Climate science and environmental monitoring generate petabytes of data annually — from satellite observations and weather models to ocean buoy readings and ice core samples. Making this data accessible to researchers worldwide requires specialized data servers that understand scientific data formats like NetCDF, HDF5, and GRIB, provide efficient subsetting and aggregation, and expose standardized web service interfaces.

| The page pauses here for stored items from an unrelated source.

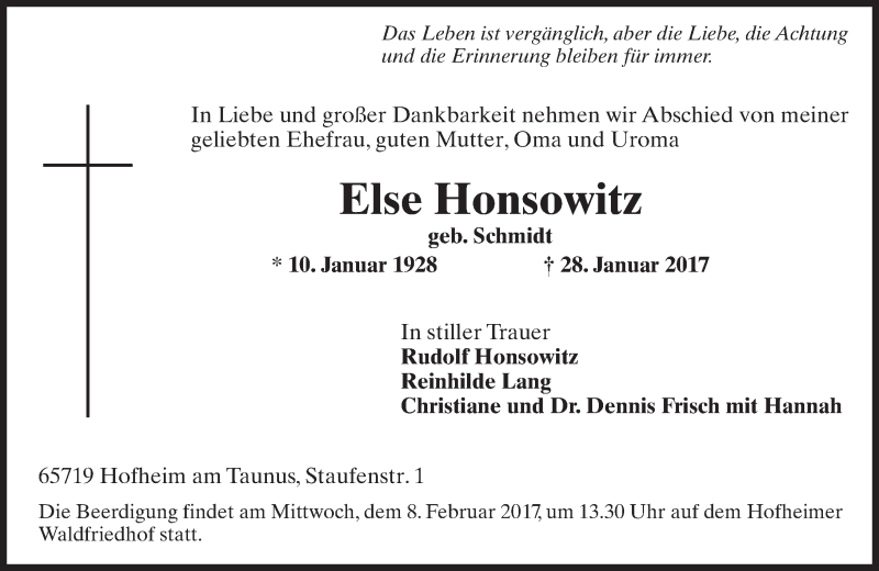 Hier finden Sie alle Traueranzeigen aus der Zeitung, die bisher für Else Honsowitz erschienen sind. Weitere Traueranzeigen, die in der Zeitung erscheinen, werden hier ebenfalls aufgelistet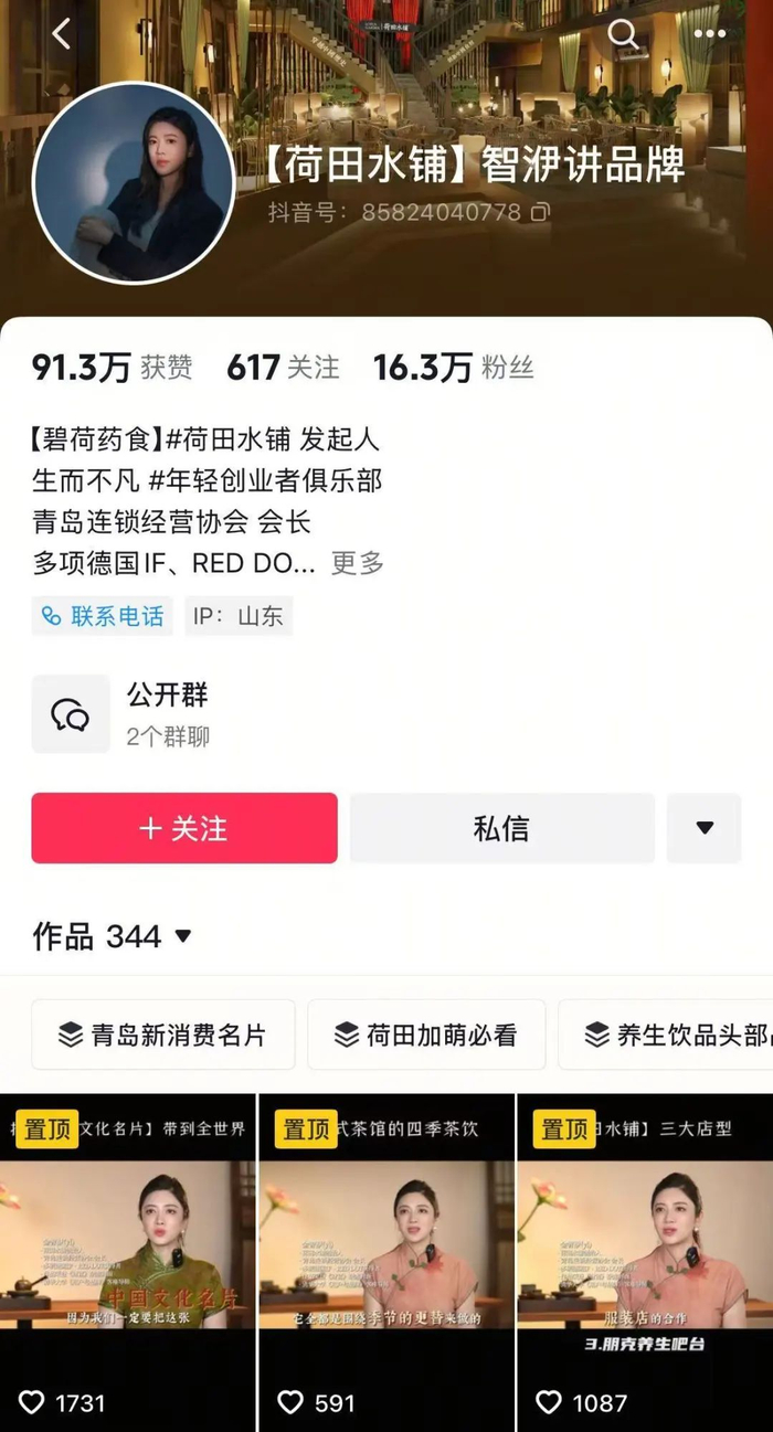 青岛品牌“荷田水铺”的创始人金智洢就在抖音上运营着一个16万粉丝的个人账号,又是讲“药食同源”又是讲装修理念。她接受红餐网采访时表示,个人IP对品牌的招商加盟也起到了不小的作用,很多创业者通过她的账号对荷田水铺产生了兴趣,直接通过短视频账号咨询加盟业务。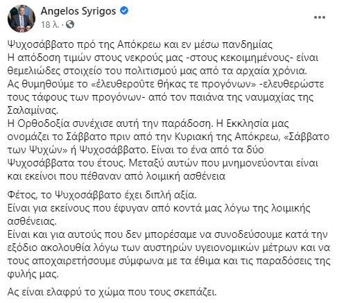 Με τίτλο στο σχόλιο του “Ψυχοσάββατο προ της Απόκρεω και εν μέσω πανδημίας” ο κ. Συρίγος αναφέρει πως η απόδοση τιμών στους νεκρούς μας -στους κεκοιμημένους- είναι θεμελιώδες στοιχείο του πολιτισμού μας από τα αρχαία χρόνια. Ας θυμηθούμε το «ἐλευθεροῦτε θήκας τε προγόνων» -ελευθερώστε τους τάφους των προγόνων- από τον παιάνα της ναυμαχίας της Σαλαμίνας”.

Unlike general-purpose file servers, climate data servers must handle multi-dimensional gridded data (time × latitude × longitude × variable), support on-the-fly subsetting and reprojection, and serve data through OGC-compliant protocols like WMS, WCS, and OPeNDAP. This article compares three leading open-source platforms for self-hosting climate and environmental data: THREDDS Data Server (TDS) from Unidata, the Earth System Grid Federation (ESGF) node software, and ERDDAP from NOAA.

Comparison Table

Feature	THREDDS Data Server	ESGF Node	ERDDAP
Primary Role	Scientific data catalog and access server	Federated climate data node	Environmental data server with subsetting
GitHub Stars	264+ (Unidata/thredds)	20+ (ESGF/esgf-installer)	N/A (NOAA-hosted)
Language	Java (Spring)	Python + Bash	Java (Servlet)
Maintainer	Unidata / UCAR	ESGF Collaboration (multi-institutional)	NOAA / NMFS
Docker Support	Yes (community images)	Yes (Ansible-based deployment)	Yes (official Docker)
Data Formats	NetCDF, HDF5, GRIB, BUFR, NcML	NetCDF, CMIP-standard	NetCDF, HDF, CSV, JSON, XML
Protocols	OPeNDAP, WMS, WCS, WFS, HTTP, ncISO	ESGF Search API, Globus, HTTP	OPeNDAP, WMS, ERDDAP tabledap/griddap
Federation	THREDDS Catalogs (hierarchical)	ESGF Federation (P2P index)	Standalone (multi-server via EDAC)
Subsetting	Server-side (ncss)	Server-side (via ESGF Compute)	Server-side (full subsetting engine)
Metadata Standards	ISO 19115, ACDD, CF Conventions	CIM (Climate Model Metadata)	CF Conventions, ACDD, ISO 19115
User Base	500+ data servers worldwide	50+ federation nodes globally	100+ servers at research institutions
Production Maturity	20+ years (mature)	15+ years (mature but complex)	15+ years (mature)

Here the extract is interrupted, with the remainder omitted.